Die heute 30-jährige Virginia Roberts behauptet, der Milliardär habe sie von 1999 bis 2002 als «Sexsklavin» gehalten und an Freunde vermittelt – darunter an Prinz Andrew (54), den Bruder des britischen Thronfolgers Prinz Charles!

Nur: Der Blaublüter war nicht der einzige Prominente, mit dem der einschlägig vorbestrafte Epstein enge Kontakte pflegte.

Aus Gerichtsunterlagen aus dem laufenden Prozess in Florida geht hervor, dass Epstein in seiner elektronischen Agenda 21 Telefonnummern oder E-Mail-Adressen des früheren US-Präsidenten Bill Clinton und dessen persönlichen Assistenten, Doug Band, gespeichert hatte.

Zudem, auch das zeigen die Dokumente, war Clinton ein häufiger Fluggast in Epsteins Privatjet. 2005, kurz nachdem der Milliardär verhaftet wurde, weil er eine «erotische Massage» von einer Minderjährigen erhalten hatte, soll Clinton den Kontakt zu Epstein abgebrochen haben.
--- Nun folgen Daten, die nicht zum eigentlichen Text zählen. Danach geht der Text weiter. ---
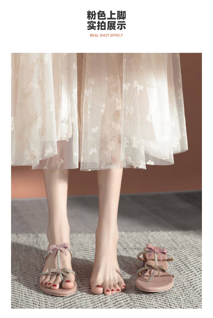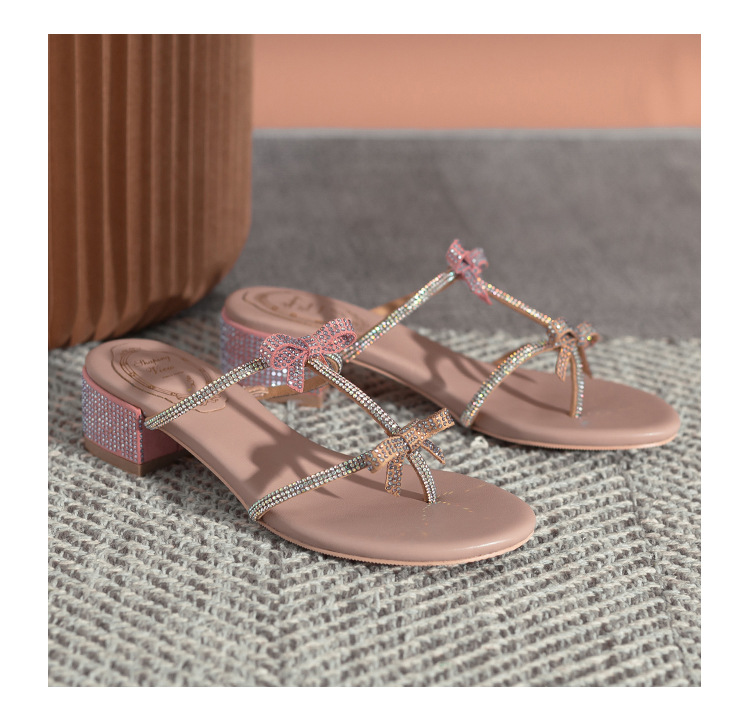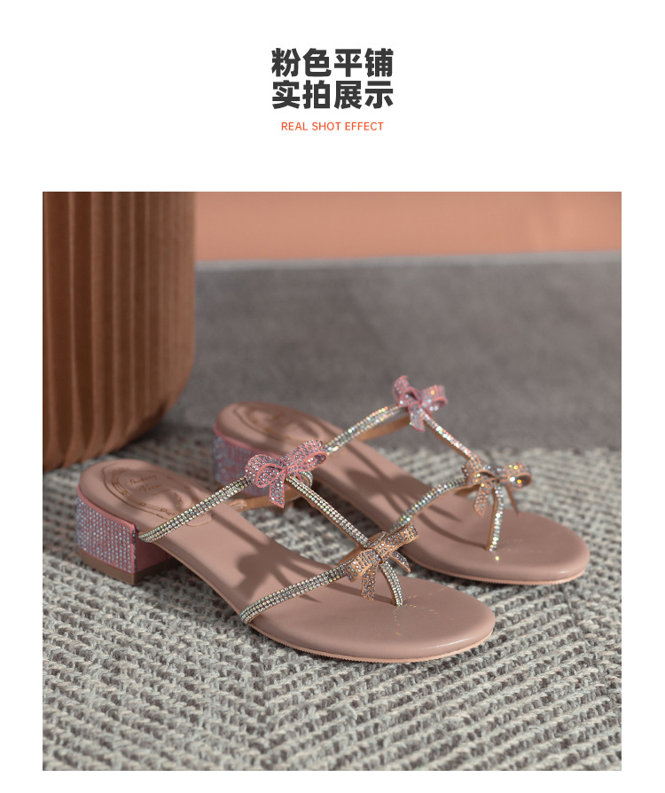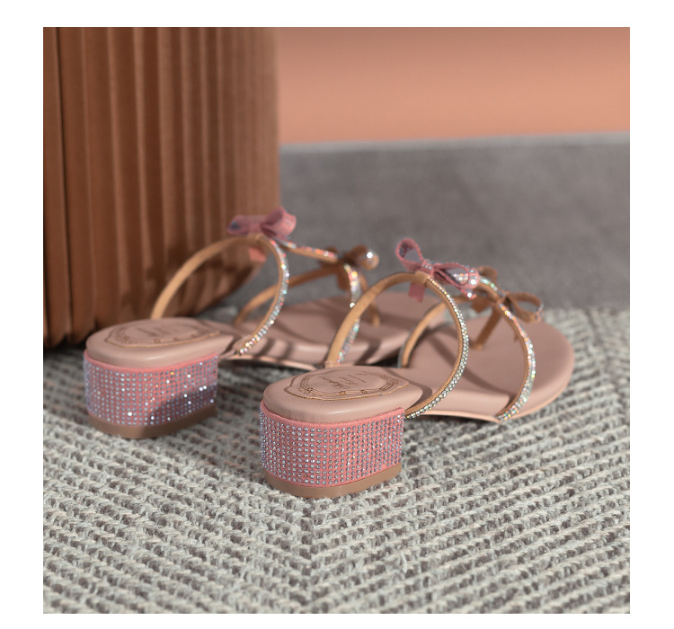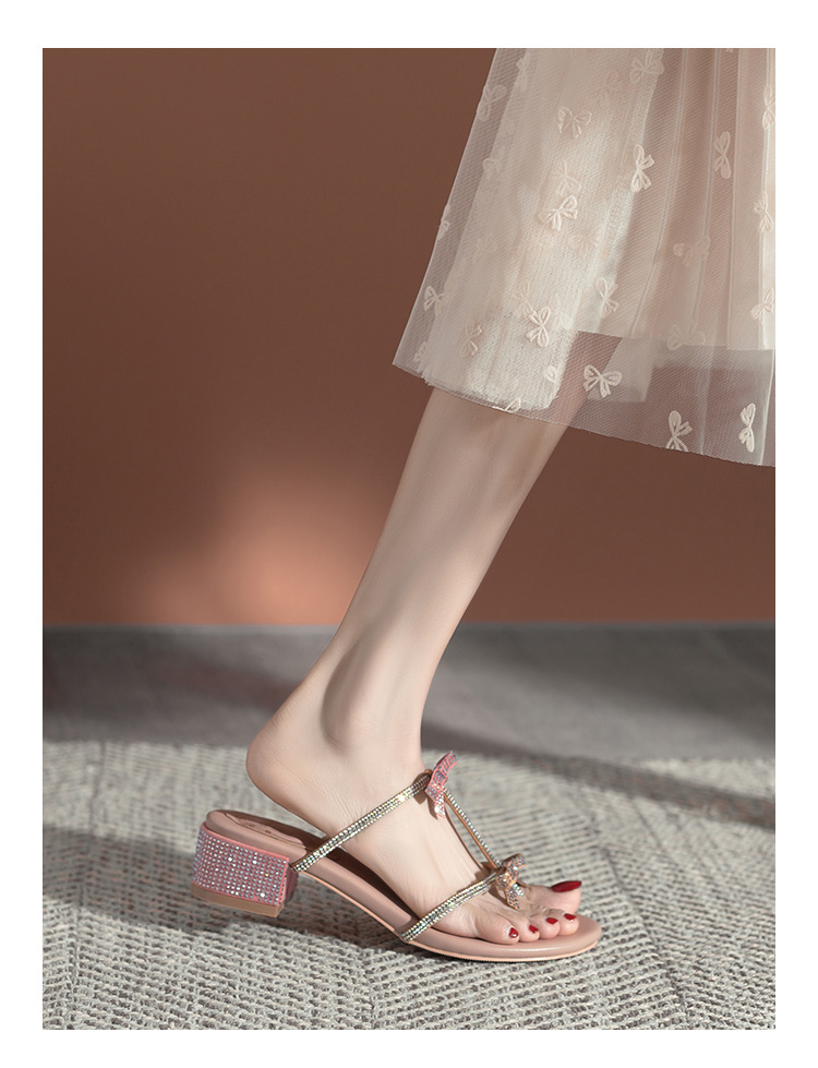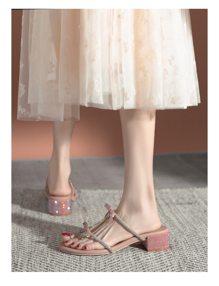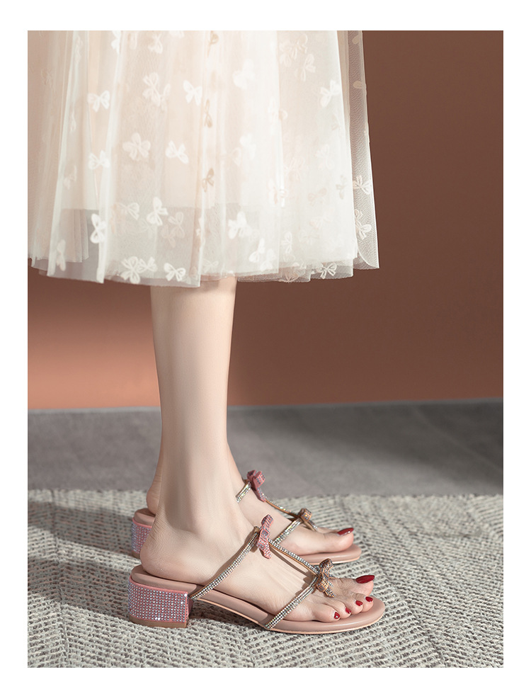 여름 신상품 물방울 모양 샌들 리본 샌들 반짝이는 요정 스타일 슬리퍼 두꺼운 굽 중간 굽 여성용 신발스토어 가기
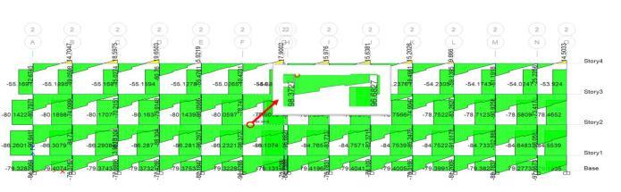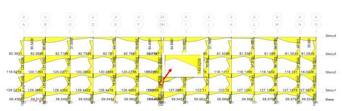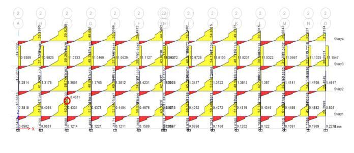 Thebendingmomentforceobtainedisat11.165kNatstorey 3.
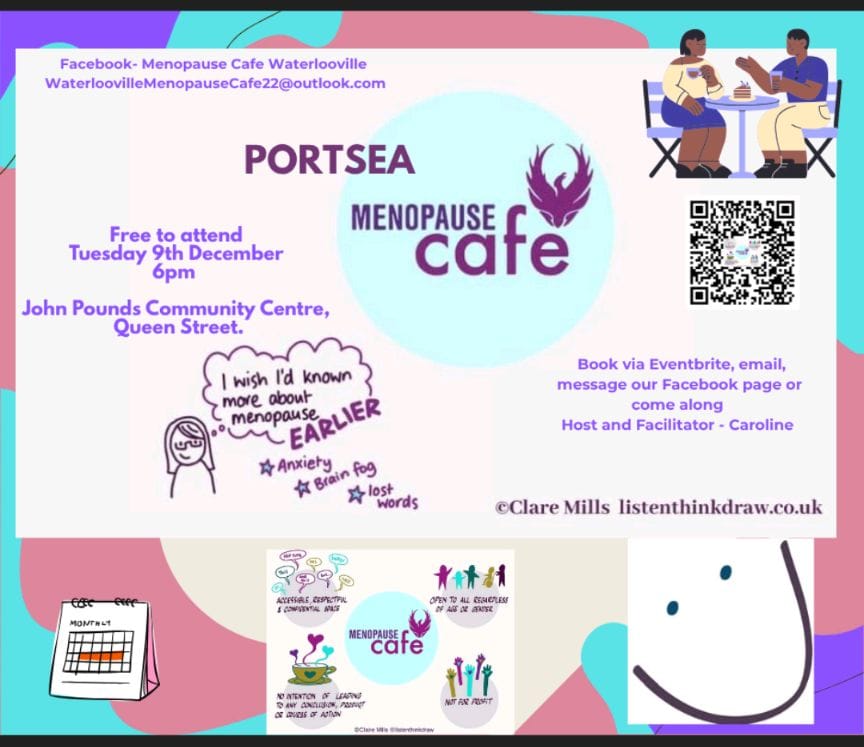 Pop along to the Menopause Café at John Pounds Centre on 9 December at 6pm. Join other people and chat about perimenopause and menopause over a cuppa. Page Views: 0
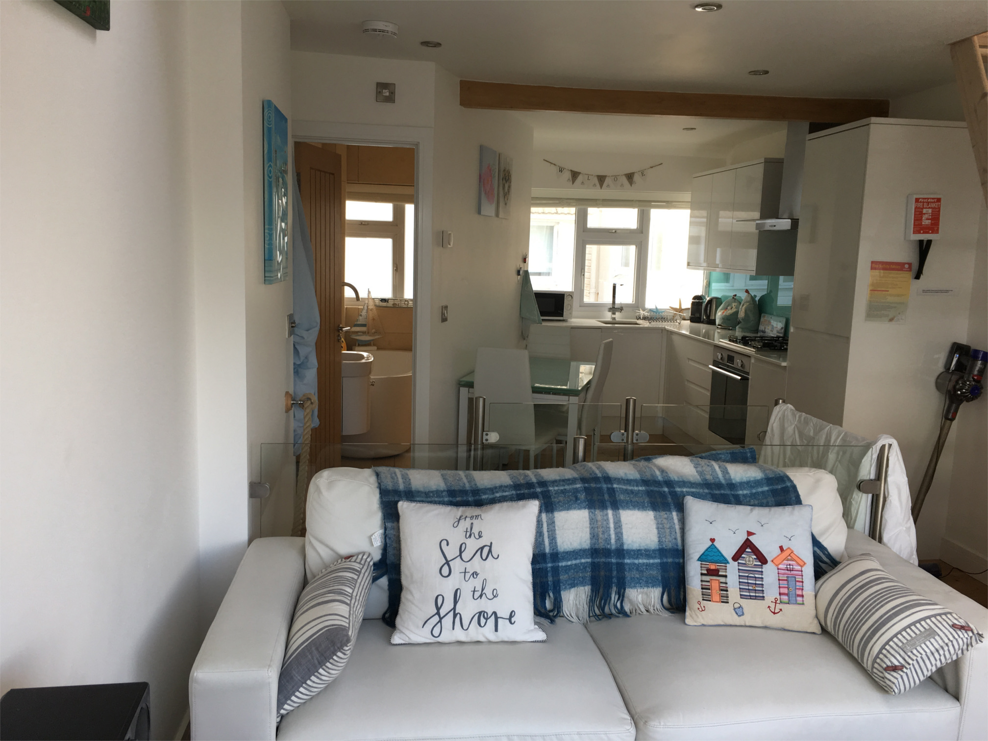 The property has hard wood flooring throughout (both bedrooms are carpeted), which is easy to keep clean with all the sand that comes in, and benefits from central heating. The stairs lead to the open plan first floor space with a kitchen/diner and living room with great sea views where you can watch the sun rise and storms blow in. There is a separate bathroom on this level with a bath, toilet and sink.
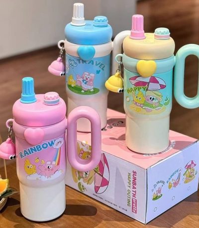 رنگهای پاستلی ملایم و رنگین کمانی جلوهای لطیف و چشمنواز به ظاهر آن میبخشند و آویزهای عروسکی یا سیلیکونی متصل به درب، حس فانتزی و شادی را در استفاده روزانه تقویت میکنند.
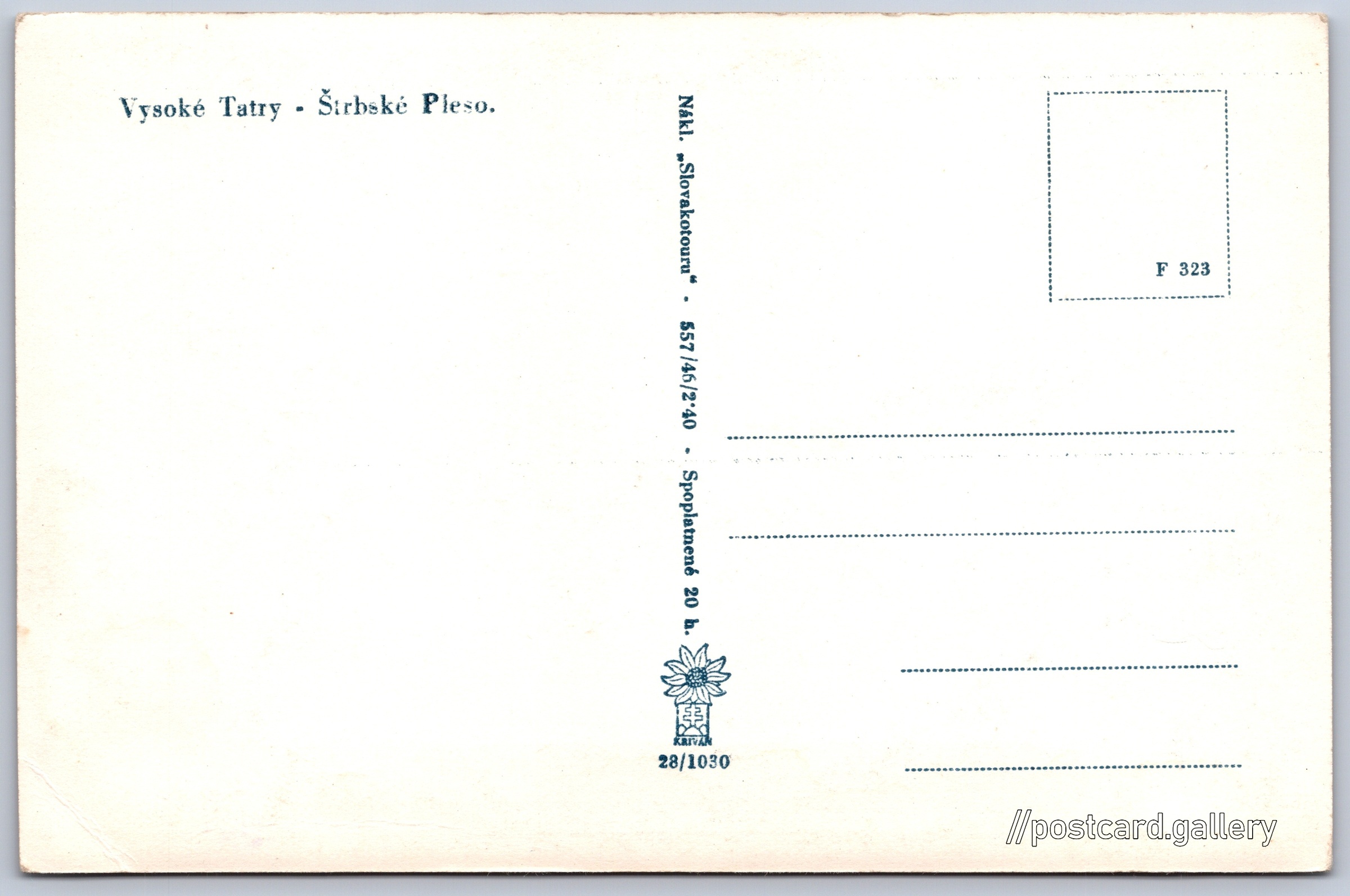 Vysoké Tatry, stanice železnice u Štrbského Plesa Pokud chcete vidět pohlednice ve vyšším rozlišení nebo zobrazovat jejich zadní stranu, tak se prosím nejdříve přihlašte Přihlásit Zaregistrovat Vysoké Tatry - Štrbské Pleso. Jazyk tištěného textu na pohlednici: slovenština Štrba - Štrbské pleso ukázat na mapě V blízkém okolí místa zobrazeného na pohlednici lze najít 79 jiných pohlednic. Zobrazit blízké pohlednice Vydavatel: Kriváň (Československo)Slovakotour (Československo) Datum vydání není známo Pomozte nám odhadnout datum vzniku pohlednice Velikost (š x v) a tvar pohlednice: 138 x 91 mm (5.43" x 3.58"), obdélník Čistá pohlednice (neprošlá poštou) Ceny: Příplatek na tur. ruch: 0,20 Kčs (CSK)) Kódy na pohlednici: F 323 28/1030 557/46/2.40 DiskuseVložit příspěvek Přidat novou složku ... Spravovat složky ...
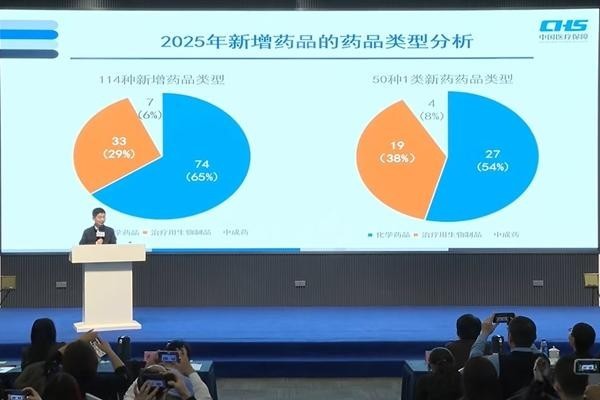 12月9日,国家医保局举办2025年医保药品目录解读活动现场,新版国家医保药品目录调整新增114种药品,其中50种为一类创新药。主办方供图
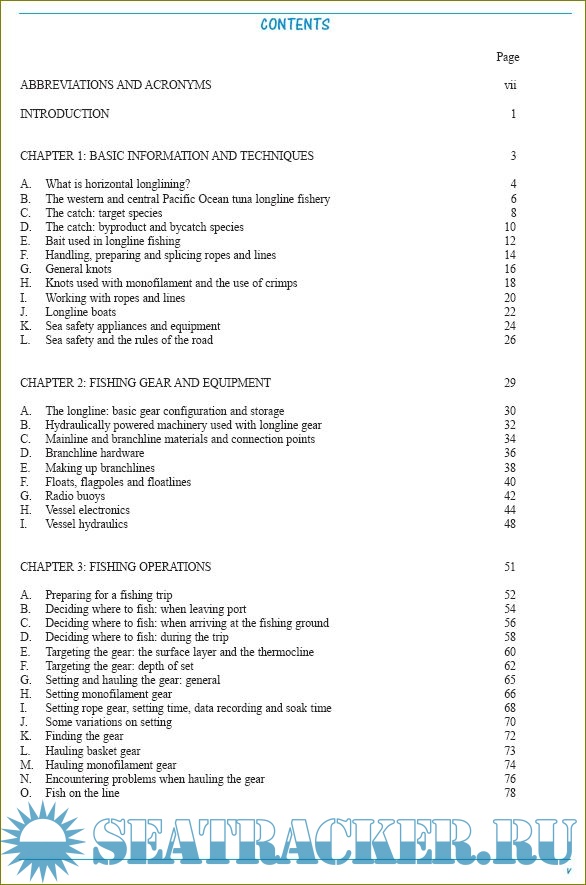 tuna longline fishing, for use by fishermen who want to start, refine or broaden their skills. We have tried to give as

Pikant allerdings: US-Medien zufolge ist Clinton auch eng befreundet mit Ghislaine Maxwell, der Tochter des verstorbenen britischen Pressemagnaten Robert Maxwell. Die 55-Jährige war 2010 Gast an Chelsea Clintons Hochzeit. Maxwell wird im aktuellen Verfahren beschuldigt, als «Mitverschwörerin» für Epsteins Sex-Ring junge Mädchen beschafft zu haben.

Bill Clinton nahm bislang keine Stellung zu seiner möglichen Verstrickung in den Sex-Skandal.

Prinz Andrew, gegen den die Vorwürfe schwerwiegen, weil es Bilder gibt, die ihn mit der damals 17-jährigen Virginia Roberts zeigen, dementiert bereits alles. Die Vorwürfe gegen ihn seien «kategorisch unwahr». (bau)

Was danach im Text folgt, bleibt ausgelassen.